Segment Open

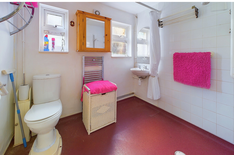
Property details: Cromleigh Way | Southwick | BN42 4WG
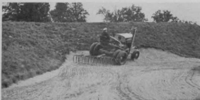
Tractor-pulled rake does a quick, economical job of trap maintenance at Anderson's course.
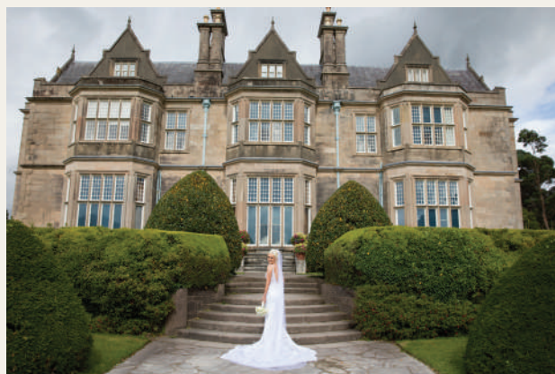
LAURA AND BENNY PHOTOGRAPHY
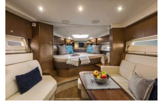
The 350's V-berth comes fully equipped so you can rest easy. The double bed is outfitted with neutral sheets as well as a luxurious memory-foam mattress.
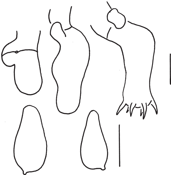
FIG. 2. Botryobasidium sassofratinoense (coll. A. Bernicchia 7594) Basidia and basidiospores. Bar=10 \mu m above, 5 \mu m below

subhymenium, slightly thick-walled in subiculum, 10–12(–15) \mu m wide and slightly yellowish near to the substrate. CYSTIDIA tubular, not frequent, basally clamped, hyaline, smooth, thin-walled, apically obtuse, 28–45(–55) \times 5–7 \mu m, without additional septa (Figure 1). BASIDIA arranged in botryose clusters, suburniform to subcylindrical, slightly constricted, smooth, thin-walled, basally clamped, (13–)18–25 \times 6–8.5 \mu m, usually with 6 slender sterigmata up to 2.5–3.5(–4) \mu m long (Figure 2). BASIDIOSPORES navicular (Figure 2), hyaline, smooth, thin-walled, mostly glued together in groups of four, IKI–, (6–)7–8.5 \times (3–)3.5–4.5 \mu m, with apiculus bent towards ventral side, L^* = 7.7 , W^* = 3.9 , Q^* = 1.97 . Chlamydospores and anamorph not found.
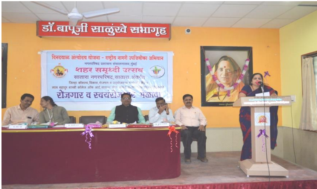
City Mayor Madhavi Kadam express her thoughts in Key note address
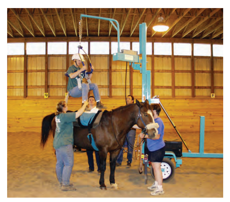
Figure 3. Sling lift used to assist user for horseback riding.

An electric powered vertical sling lift could be mounted (a) on a mast on the exterior of the operator platform; (b) on a telescoping beam on the interior of the platform or cab; (c) on a roller track on an overhead beam in the machinery shed, which would allow the user to be lowered into the operator seat from above; (d) to a parallel linkage fixture mounted to the floor of a building; or (e) to a mobile unit, such as trailer, RV, horse trailer, or truck.
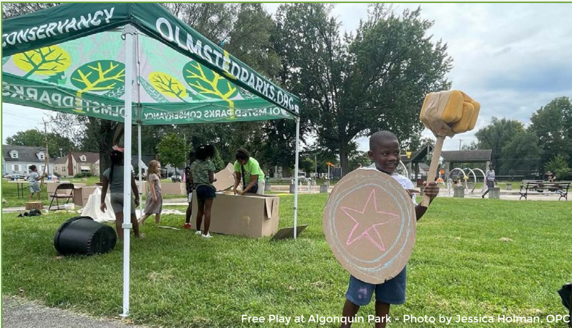
Free Play at Algonquin Park
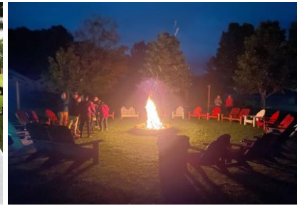
Campfire wine & beer
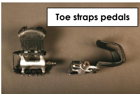
Toe straps pedals
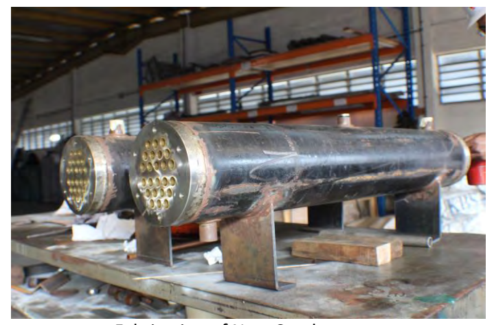
Fabrication of New Condenser

Fabrication and renewal of various types of Air Conditioning unit and related equipment, i.e Explosion / Non Explosion Proof Fans & Motors, Fire Dampers, and Exhaust Hood for Galleys.
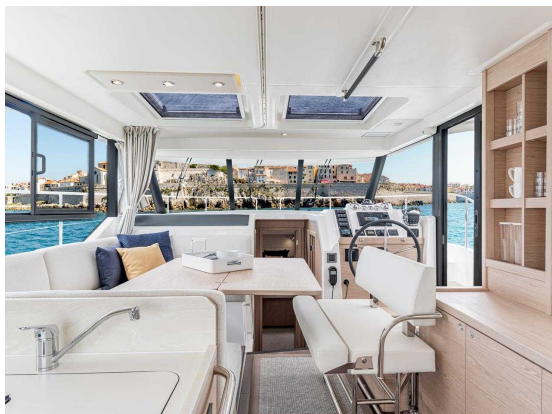
Benetton Swift Tracker 41
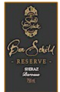
Schild Estate Ben Schild Reserve
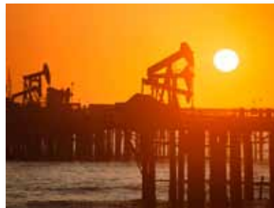
Oil & Gas Processing
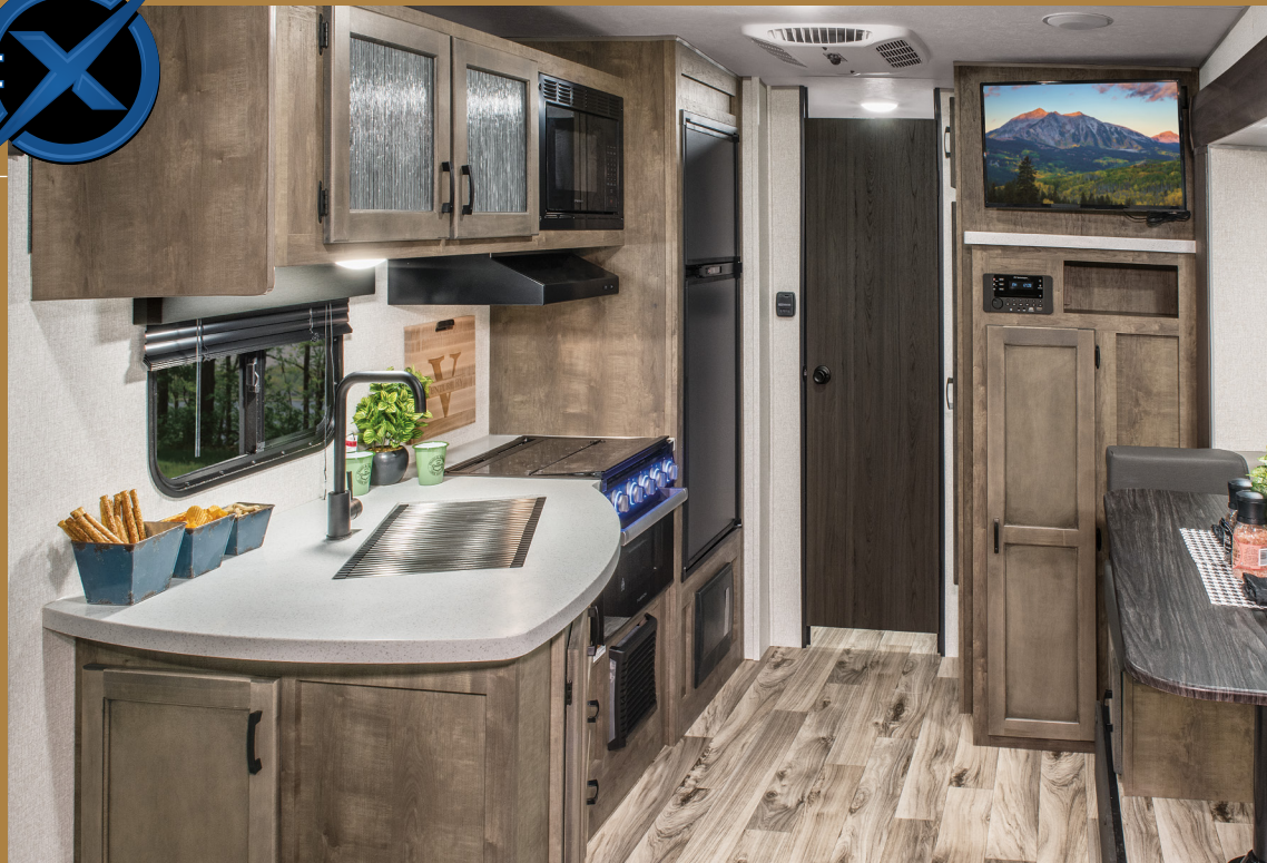
Sonic X interiors include solid wood cabinets with roller ball bearing drawer guides, a large undermount stainless steel single bowl sink, and two interior speakers.
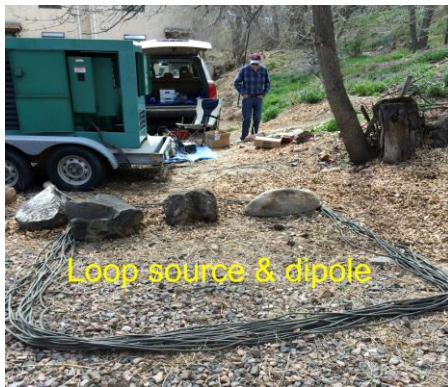
Loop source & dipole

Segment Closed

AIM OF THE EXERCISE:
Skip every picture and transcribe the data above exactly.

WRITTEN ANSWER:
Property details: Cromleigh Way | Southwick | BN42 4WG
Tractor-pulled rake does a quick, economical job of trap maintenance at Anderson's course.
LAURA AND BENNY PHOTOGRAPHY
The 350's V-berth comes fully equipped so you can rest easy. The double bed is outfitted with neutral sheets as well as a luxurious memory-foam mattress.
FIG. 2. Botryobasidium sassofratinoense (coll. A. Bernicchia 7594) Basidia and basidiospores. Bar=10 \mu m above, 5 \mu m below

subhymenium, slightly thick-walled in subiculum, 10–12(–15) \mu m wide and slightly yellowish near to the substrate. CYSTIDIA tubular, not frequent, basally clamped, hyaline, smooth, thin-walled, apically obtuse, 28–45(–55) \times 5–7 \mu m, without additional septa (Figure 1). BASIDIA arranged in botryose clusters, suburniform to subcylindrical, slightly constricted, smooth, thin-walled, basally clamped, (13–)18–25 \times 6–8.5 \mu m, usually with 6 slender sterigmata up to 2.5–3.5(–4) \mu m long (Figure 2). BASIDIOSPORES navicular (Figure 2), hyaline, smooth, thin-walled, mostly glued together in groups of four, IKI–, (6–)7–8.5 \times (3–)3.5–4.5 \mu m, with apiculus bent towards ventral side, L^* = 7.7 , W^* = 3.9 , Q^* = 1.97 . Chlamydospores and anamorph not found.
City Mayor Madhavi Kadam express her thoughts in Key note address
Figure 3. Sling lift used to assist user for horseback riding.

An electric powered vertical sling lift could be mounted (a) on a mast on the exterior of the operator platform; (b) on a telescoping beam on the interior of the platform or cab; (c) on a roller track on an overhead beam in the machinery shed, which would allow the user to be lowered into the operator seat from above; (d) to a parallel linkage fixture mounted to the floor of a building; or (e) to a mobile unit, such as trailer, RV, horse trailer, or truck.
Free Play at Algonquin Park
Campfire wine & beer
Toe straps pedals
Fabrication of New Condenser

Fabrication and renewal of various types of Air Conditioning unit and related equipment, i.e Explosion / Non Explosion Proof Fans & Motors, Fire Dampers, and Exhaust Hood for Galleys.
Benetton Swift Tracker 41
Schild Estate Ben Schild Reserve
Oil & Gas Processing
Sonic X interiors include solid wood cabinets with roller ball bearing drawer guides, a large undermount stainless steel single bowl sink, and two interior speakers.
Loop source & dipole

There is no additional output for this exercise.